The Bela Estate farmers have already been living precariously with climate change, their cultivation halted, no rehabilitation and under threat of evictions. The recent floods are just the latest in a series of losses.
“It takes Rs 20,000-25,000 to build a 10 x 10 ft jhuggi [makeshift home] for a family of four or five. The waterproofing sheet alone costs Rs 2,000. If we hire labour to build our homes, we have to pay Rs 500-700 per day. If we do it ourselves we lose our day’s earnings,” says Hiralal, who lives with his wife and four children, aged 17, 15, 10, and 8. Even bamboo poles cost Rs. 300 each, and he says he will require at least 20 of them.

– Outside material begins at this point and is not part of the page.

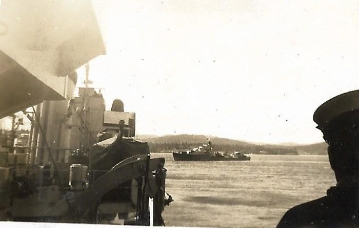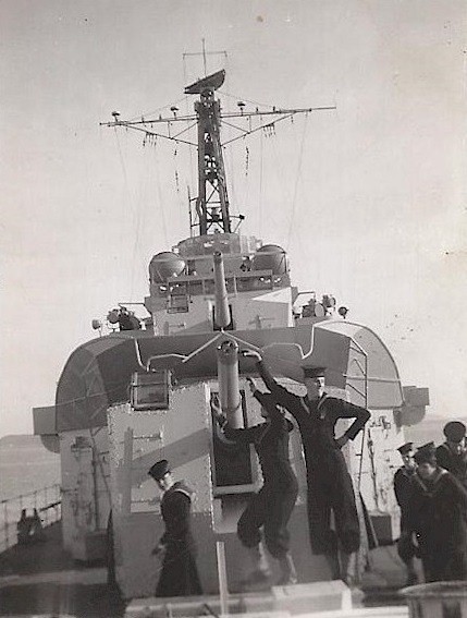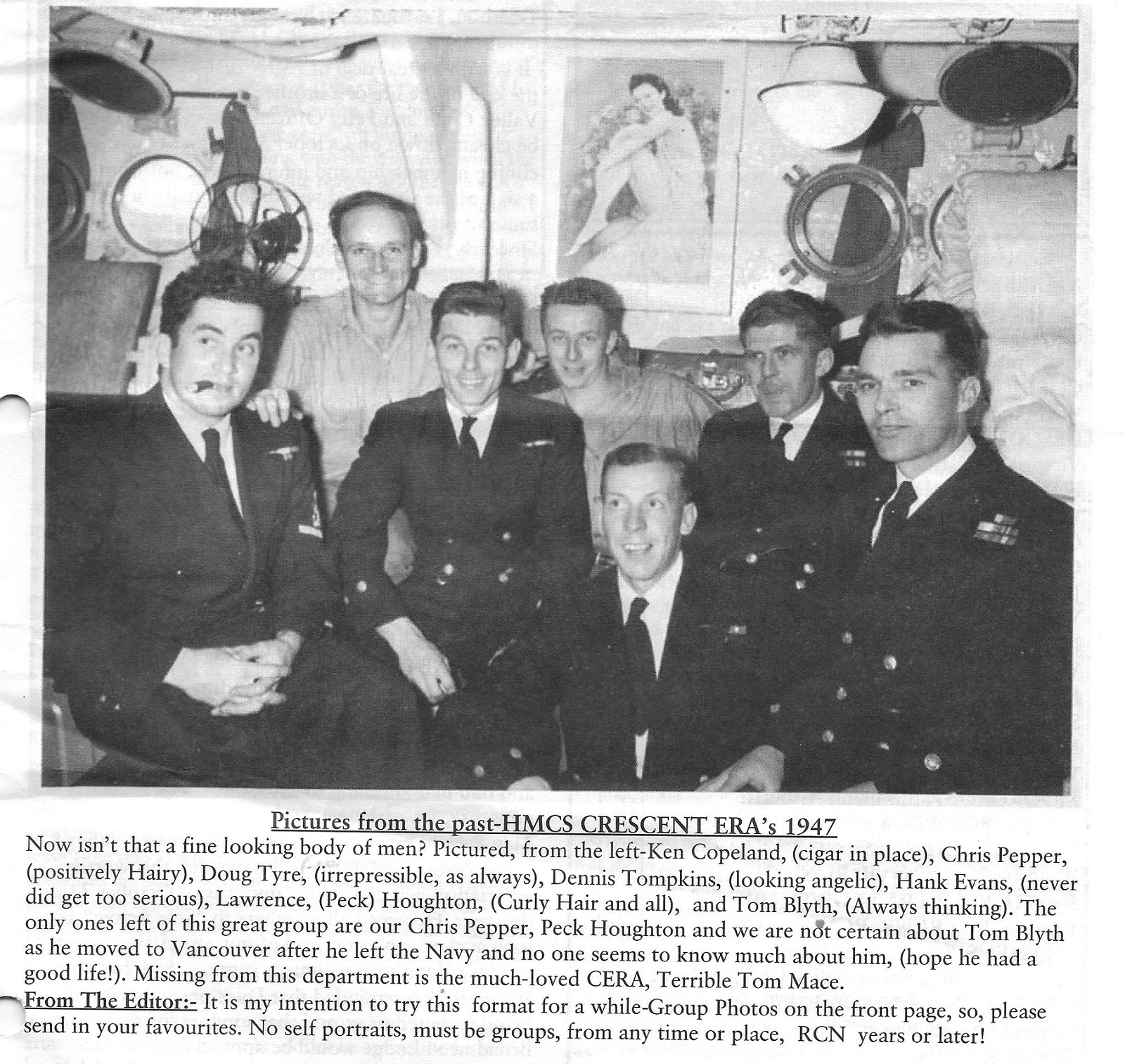 (CRS005) Cadets Robert Rice (left) and Jack Cummer (right) on the twin bofors on HMCS CRESCENT, 03 Sep 1946 // From the collection of Robert Rice // Courtesy of J.D. Ford (CRS006) Cadet Robert Rice leaning on the gun barrel on HMCS CRESCENT, 03 Sep 1946 // From the collection of Robert Rice // Courtesy of J.D. Ford (CRS007) HMCS UGANDA joins HMCS WARRIOR and HMCS CRESCENT of Acapulco Bay // Halifax Mail, Wed. 27 Nov 1946 // Courtesy of George Newbury (CRS008) ERAs on HMCS CRESCENT 1947 // Ken Copeland, Chris Pepper, Doug Tyre, Dennis Tompkins, Hank Evans, Lawrence (Peck) Houghton, Tom Blyth // Source: Chief and POs Association, Esquimalt newsletter // Courtesy of Steve Hlasny (CRS009) HMCS CRESCENT - 1948 // From the collection of Tom Smith, C2ET, RCN

Displaced families are unsure as to who is going to compensate them for their losses.
Then there is the cost of replenishing livestock, many of which were lost in the floods. “A buffalo costs anything upwards of Rs 70,000. You have to feed it well for it to stay alive and give milk. A goat that we keep for daily milk requirements of our children and tea costs Rs 8,000-10,000 to buy,” he adds.
His neighbour Shanti Devi told PARI that after her husband lost his fight to be identified as a landowner and cultivator on the banks of the Yamuna, he sells kachoris on a bicycle but barely manages to make Rs 200-300 a day. “The police take Rs 1,500 per cycle every month whether you stand there for three days or 30 days,” she points out.
The flood waters have receded, but other dangers lurk: waterborne diseases like malaria, dengue, cholera, and typhoid pose a threat while over 100 cases of eye flu per day were being reported in the immediate aftermath in relief camps which have since been dismantled. Hiralal was nursing a red eye when we met him. He held up a pair of overpriced sunglasses: “These are worth 50 but sold for Rs 200 because of the demand.”
Speaking for the families who await the inadequate compensation, he adds with a wry smile, “The story is not new, people always profit from others’ pain.”